Not a great day today. I'd been feeling a bit rough most of the day and then I go for a code review (of my project code) and I feel worse and worse and I tell them I feel a bit iffy but I think it will go away so I don't ask to stop, but it gets worse and then one of the guys reviewing gets all sarcastic at me. And so then I'm sitting on the floor feeling like I'm going to have a fit (I'm epileptic) and also panicking because I think I'm going to have a fit and he has the audacity to still be a wanker even after I've told him I feel like I'm going to have a fit *and* I'm having a panic attack. Then he storms out! And tells my co-worker something along the lines of "Kate didn't look very happy" and didn't even ask me how I was when I made it back to the office.
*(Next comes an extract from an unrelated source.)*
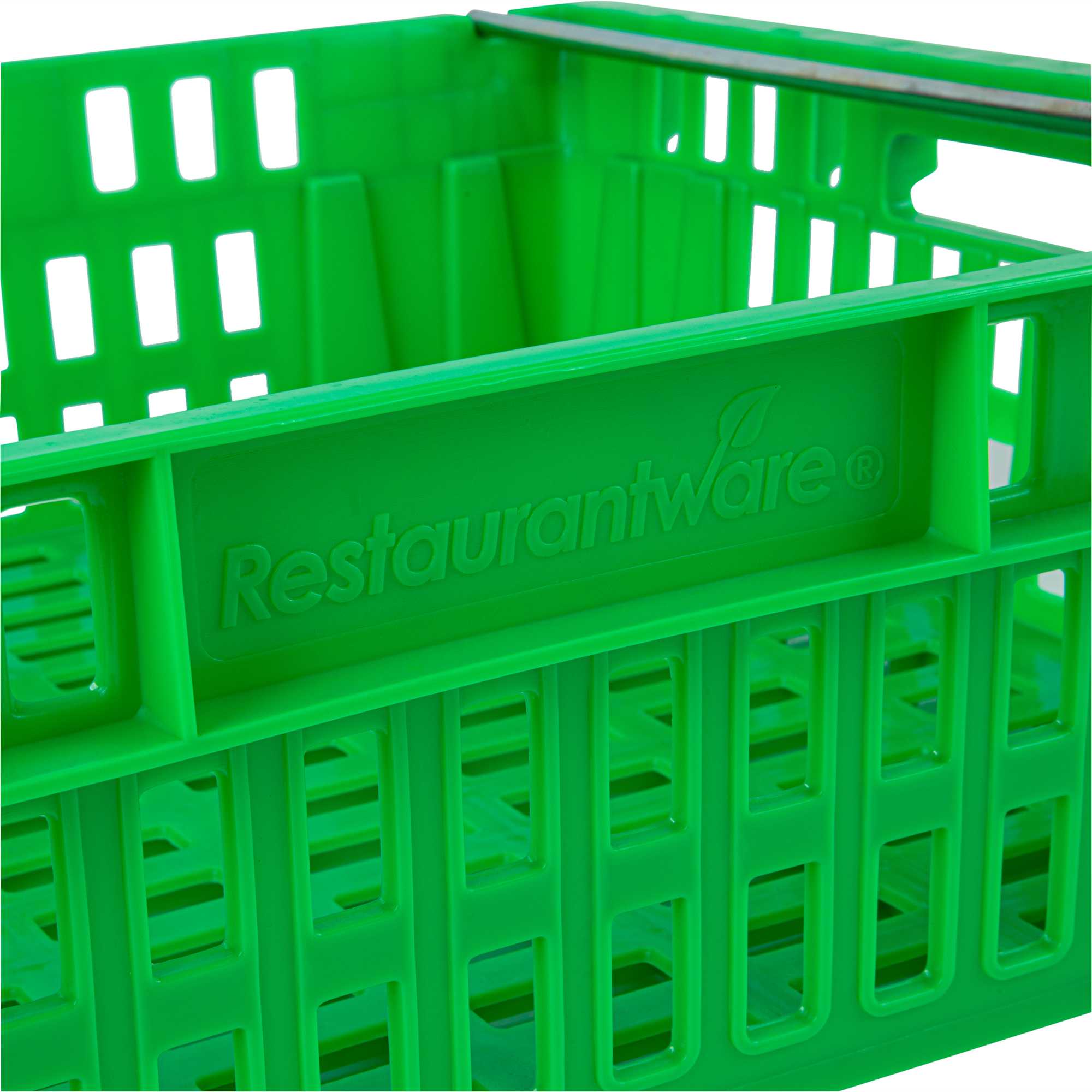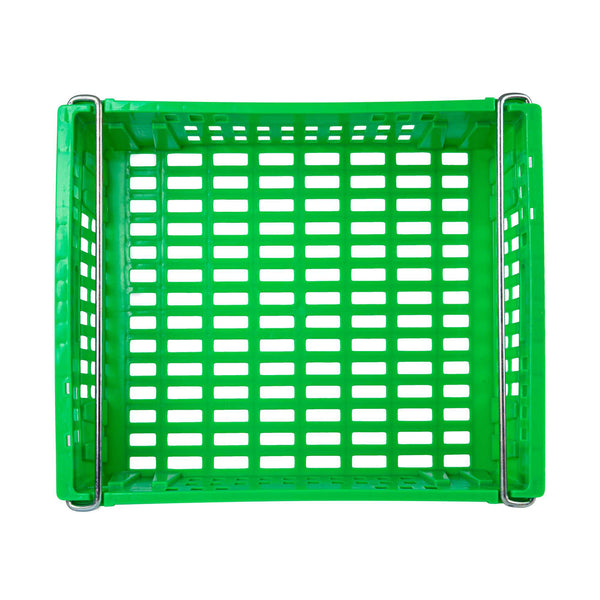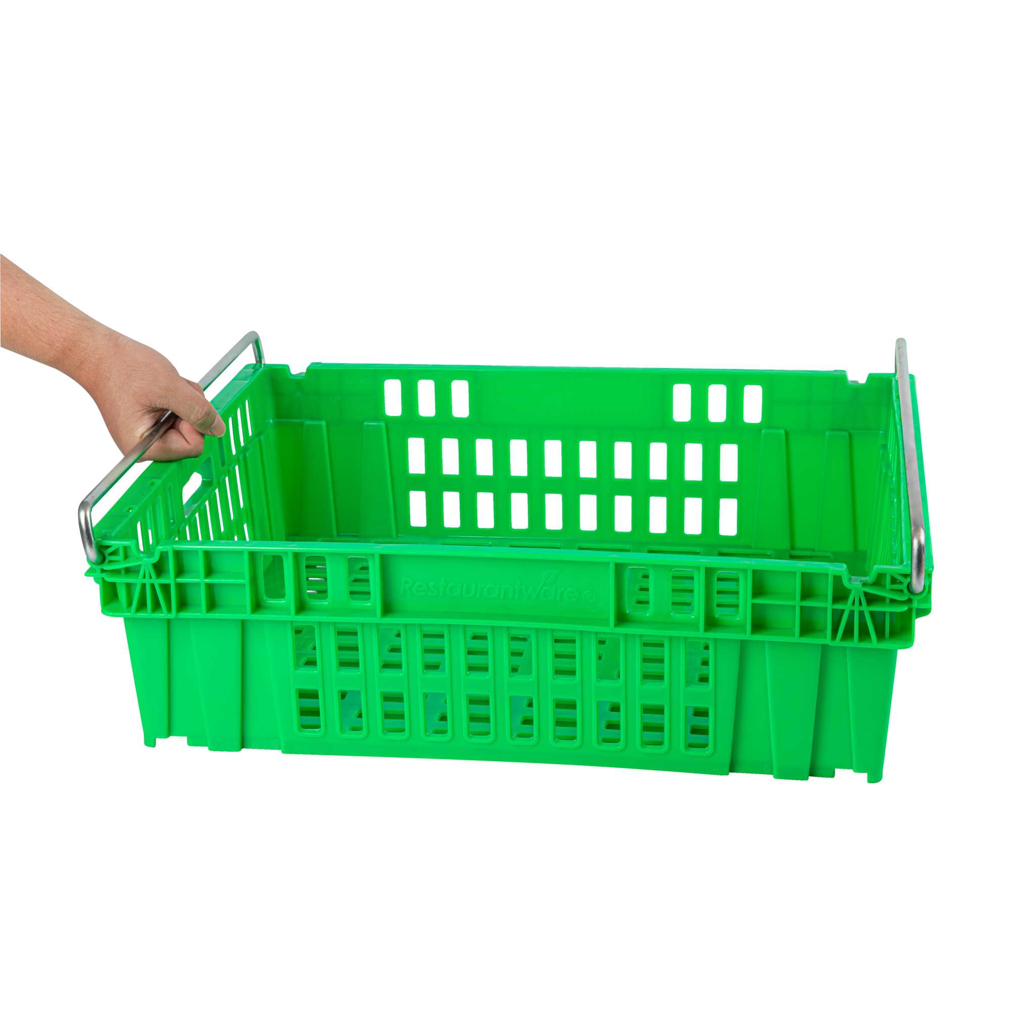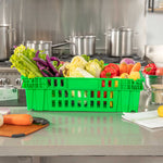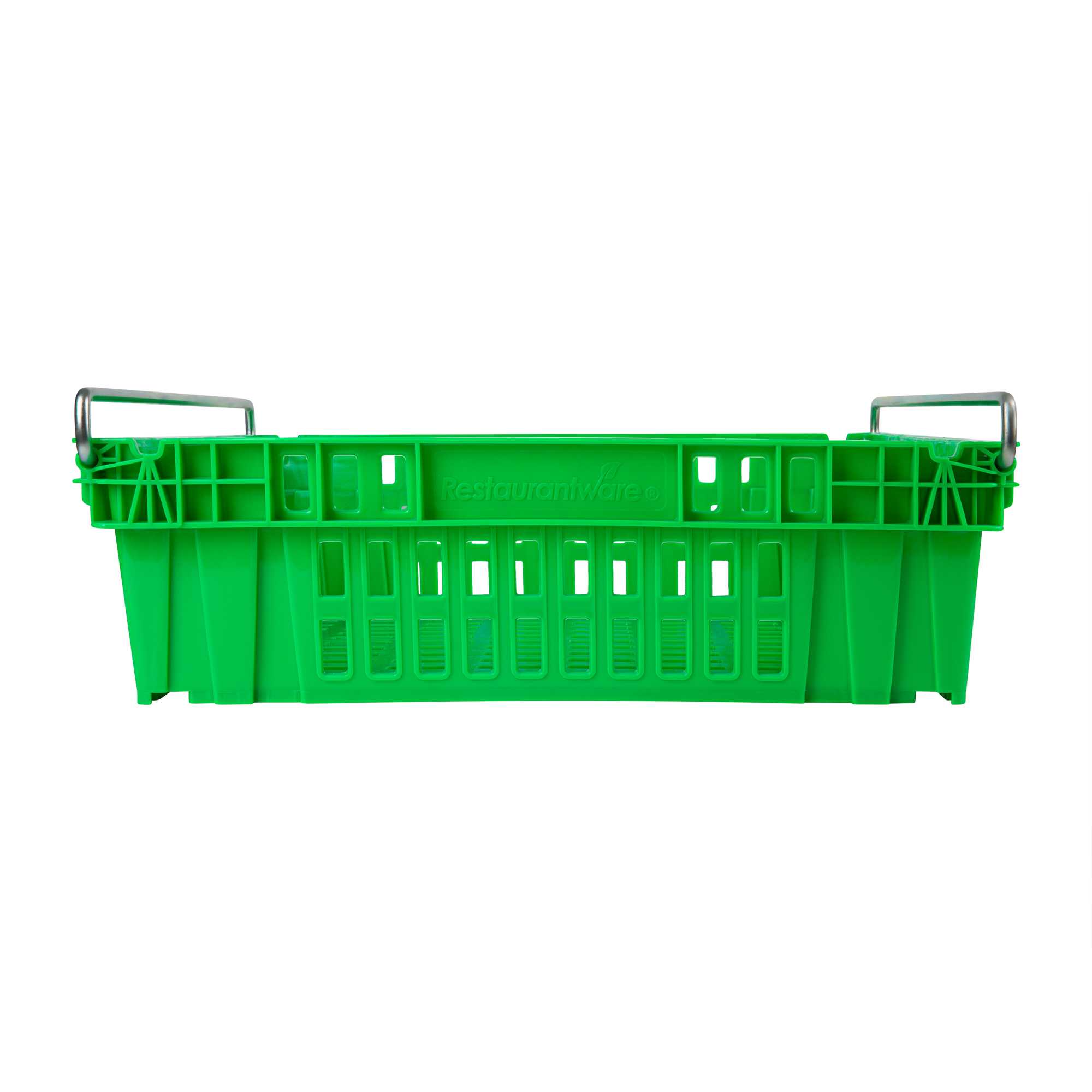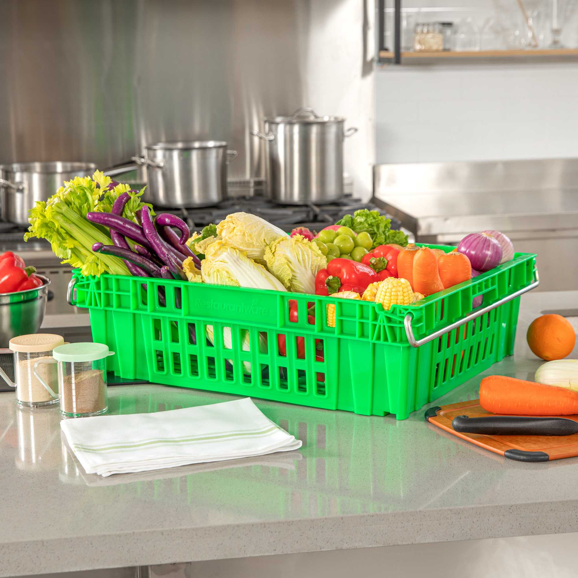 Efficiently cool and store food with ease using this food cooling tray. The Met Lux Stackable Food Cooling Tray, crafted from durable green plastic, measures 23.8 inches in length, 19.6 inches in width, and 7 inches in height, featuring molded hand holds for easy lifting. Its freezer-safe design ensures the freshness of your prepared dishes, making it an ideal meat processing tray in high-moisture settings. The tray's stackable structure maximizes storage space, allowing kitchen staff to organize efficiently without compromising accessibility. Elevate your kitchen's efficiency and organization with this versatile and robust solution. Each order includes 10 Met Lux Stackable Food Cooling Trays.

Now, though I *am* a needy person, I don't think it's unfair of me to expect someone to say "Are you ok?" when he's seen me in that state? Maybe I'm too quick to judge, just because I'm not a heartless git doesn't mean everyone else isn't, right? And to think yesterday I was planning on retracting any rude statements I'd made because I do dislike putting bad vibes out into the world, karma and all that jazz. But I'm sorry it just bugs me and seeing as I only write in my diary once a year or so, you guys are going to have to put up with the rants! I just don't understand how someone can be so completely fucking unfeeling. Whatever. Rant partially over.

Apart from that not much else happened today. I continued planning the heroine's first kiss with her hero (not one *the* heroes) which is fun 'cos you get to plan all romantic type stuff :D I decided against it being her first and only love, life doesn't happen like that, I mean life doesn't much happen like it does in the book, mythical creatures and stuff, but some things ought to correspond to "real life" having said that - she's still going to get a whopper of a romantic kiss 'cos hey, it's a story and I can do what I like :P Funfunfun.